Она слышала треск остывавшего металла, так что, по крайней мере, взрыв ее не оглушил. В конце концов она различила далекий гул и жужжание лопастей. «Ворон» летел к ним на выручку.

— За сегодня уже два взрывных устройства, — сказала Аня, не сводя взгляда с кучки деревьев, находившихся в двухстах метрах от них. — Как ты думаешь, это их новая стратегия?
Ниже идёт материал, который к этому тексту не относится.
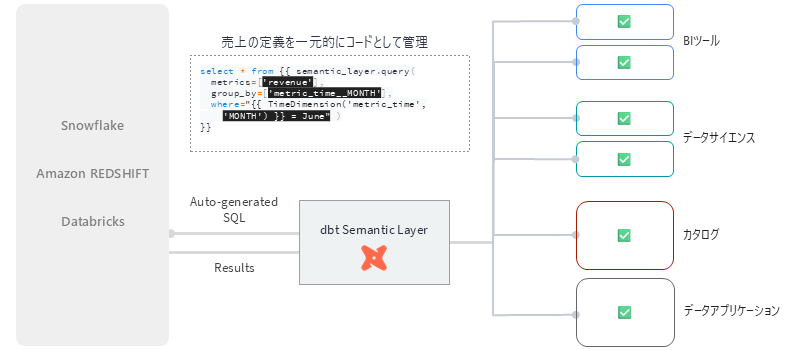 dbtは、モデルの説明・スキーマ・依存関係などを含むドキュメントを自動生成し、Explorerのインターフェイスから検索・参照できる状態で提供します。これにより、担当者が変わってもデータの意味や構造を簡単に理解でき、組織全体で“同じ定義”のもと分析が行えるようになります。さらにSemantic Layerを利用することで、メトリクスを一元管理し、「誰がどこから集計しても同じ値が返ってくる」状態が実現し、データの信頼性と再利用性を飛躍的に高めます。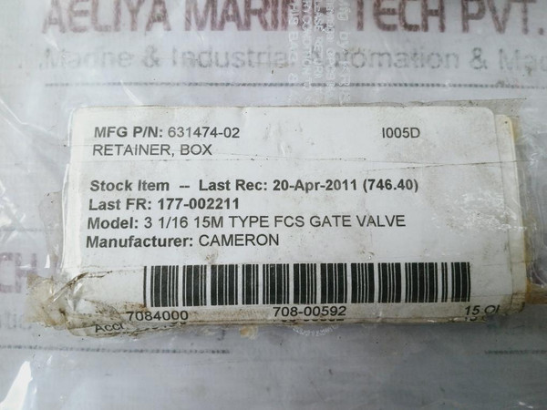 Cameron 631474-02 Fcs Gate Valve Retainer Box 3 1/16 15M
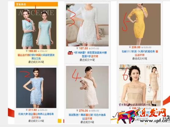 我們就以“連衣裙、蕾絲、韓版”為關鍵詞進行搜索,圖片上的幾個案例中第六個商品顯然更加符合這幾個關鍵詞的描述。他滿足了客戶的需求。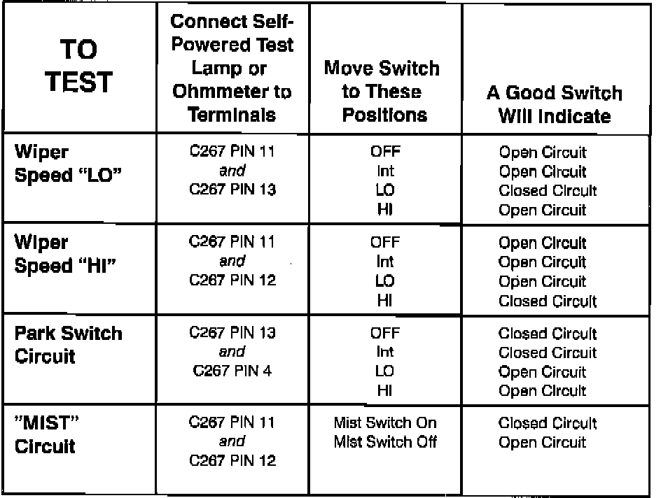 Windshield Washer Switch: Testing and Inspection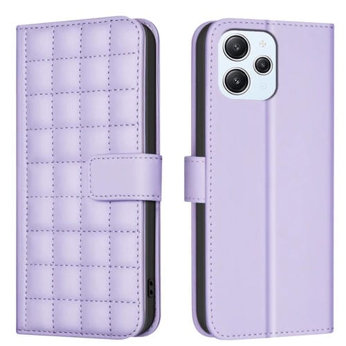 Para Redmi 12 4G Funda de Cuero con Textura Cuadrada (Púrpura)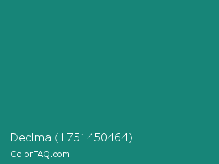 Decimal 1751450464 Color is a normal cyan color and the nearest color is Elm #1c7c7d. Hex code #178578 and RGB value is rgb(23,133,120). In RGB color space, this color is composed of 9% red, 52% green, 47% blue, In CMYK color space, this color is composed of 83% cyan, 0% magenta, 10% yellow , 48% black , In HSL color space, this color has a hue angle of 173° , 71% saturation and 31% lightness.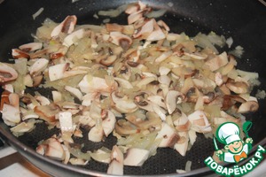 Орехи измельчите в блендере. Лук, чеснок и шампиньоны мелко нарежьте, обжарьте на оливковом масле до готовности.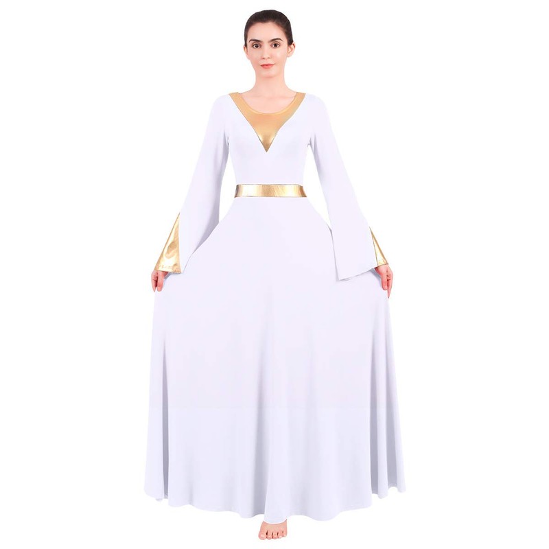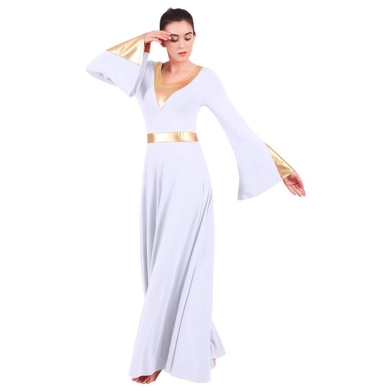 - ♣ CLASSIC PRAISE DANCE DRESS: Elegant women adult girls bell long sleeve liturgical lyrical praise dance dress metallic color block christian church robe dress worship costume, full length ruffled swing tunic skirt gowns, unique contrast color top and full long sweep skirt, loose fit praisewear, show the elegance and beauty of movement, suitable for worship praise dance, modern liturgical dance, ceremonies, ect

— Если да, — пробормотала Берни, — то хотелось бы мне знать, откуда они берут взрывчатку.

— «Т Двенадцать», говорит Бирн, — зажужжал голос в наушнике Берни. — Росси прибыл. Вы упустите самое интересное.

Берни решила, что Сэм таким образом интересуется, живы ли они.

— Прости, сегодня шоу не будет. Но я уверена, у нас, девчонок, еще появится шанс устроить заварушку.

Мак, исследовавший землю, замер на месте и уставился через поле на рощу, видимо позабыв о своих синяках. Возможно, его внимание привлекли кролики.

Но Берни надеялась, что это более крупная добыча.


«Королевский Ворон 239», в двадцати километрах к северу от военно-морской базы Вектес


«Тяжеловоз» лежал на боку, словно раненое животное. Собака обнюхивала землю вокруг машины, на обочине, но Бэрд пока не видел ни Берни, ни Ани.

Они были там. С ними поддерживали контакт по рации, но Маркуса это нисколько не успокаивало. Об этом можно было догадаться только по неподвижному взгляду и стиснутым челюстям, однако Бэрд знал Маркуса достаточно хорошо и видел, что тот взвинчен до предела. Ему совсем не нравится, что Аня лезет в самое пекло. Бэрд размышлял: «Интересно, они обсуждают это между собой?»

Раз в несколько дней они оба исчезали в одно и то же время. Бэрд замечал подобные вещи.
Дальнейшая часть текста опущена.